И старушка протянула трясущийся палец.
— Я тут все-все знаю, и вам подскажу.
— А я тут живу два месяца, — тихо ответила Лиза. — И не знаю, когда уеду.
Старушка замолчала.
Не доев своей порции, Лиза завернула остатки рыбы в салфетку, взяла с большого блюда топленое печенье и встала из-за стола. Старушка допивала остывший чай. После очередного глотка она опустила трясущуюся чашку на блюдце с отколотым краем.

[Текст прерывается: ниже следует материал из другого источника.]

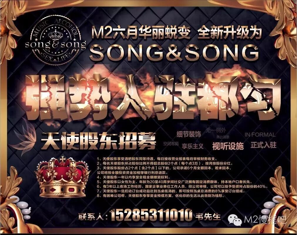 上上Song&song娱乐于2007年9月成立,公司主要经营娱乐、餐饮、房地产、电影院、、影视、音响公司等。上上娱乐旗下的上上酒吧是一家集演绎、演奏、演唱于一体的专业时尚娱乐空间,酒吧拥有庞大而健全的人力资源部、音乐部、市场营销部等,短短几年时间分别在西安、武汉、泉州、郑州、柳州、济南、洛阳、海口、焦作、南阳、南宁、邢台、安阳等地迅速的占领了市场并在当地获得良好的口碑,北京、厦门、杭州、深圳、上海、成都等地也正在紧锣密鼓的筹划之中。

— До свиданья, — сказала Лиза.
Старушка рассеянно кивнула.
У ступенек столовой Лиза оставила объедки на грязной тарелке. Тут же отовсюду набежали наглые толстые коты. Котов в окрестностях санатория водилось великое множество. В обеденные часы они неизменно собирались у столового корпуса, а в остальное время, если не шел дождь, лежали на отопительных трубах или занимали скамейки в аллее. У большинства из них были подраны уши, некоторые прихрамывали, а у самых старых котов от постоянных драк были разодраны бока или выбиты глаза, отчего их морды казались особенно бандитскими. Больше всего Лиза ненавидела молодых жирных котов, которым доставалась почти вся еда. Такие, пока сами не наедались до отвала, не подпускали к мискам слабых.

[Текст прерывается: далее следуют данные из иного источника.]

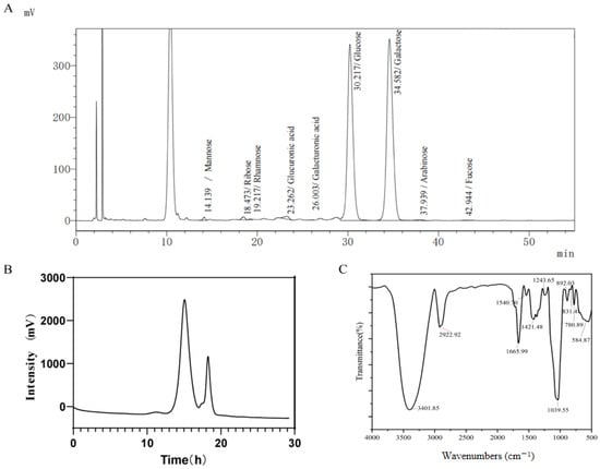The structural composition of L. bulgaricus 1.0207 EPS. (A) Results of the determination of the monosaccharide composition of EPS by HPLC; (B) Results of molecular weight determination of EPS by GPC; (C) Evaluation of characteristic groups and glycosidic bonds in EPS molecules by FT-IR.

Лиза понаблюдала немного за тем, как они делят добычу и покормила с руки взъерошенного котенка, которому как всегда не нашлось места у миски.
Во дворе было пусто и тихо. К ноябрю курортный сезон закончился, и в санатории оставались по большей части только старики и инвалиды. И тех и других сюда сплавляли родственники. Некоторые жили в санатории по полгода, и их редко навещали. Кому-то здесь нравилось — в основном деревенским старикам, но были и те, кто пожив пару месяцев в санатории, бесследно исчезал. Такое, правда, происходило не то чтобы часто. Но каждое исчезновение, как бы оно ни скрывалось работниками администрации, все же не оставалось незамеченным для пациентов: когда номер таинственным образом освобождался, а вещи бывших жильцов складывались в подсобке на первом этаже главного корпуса, какая-нибудь старушка в столовой, перекрестившись, тихо говорила: «Ну вот и еще один пошел в воду». Спустя некоторое время за вещами пропавших приезжали родственники, хотя чаще их никто не забирал, и в кладовке годами копились наваленные друг на друга рюкзаки и чемоданы. Тогда уже вещи прибирал местный персонал — если, конечно, в куче невостребованного барахла удавалось найти что-нибудь стоящее.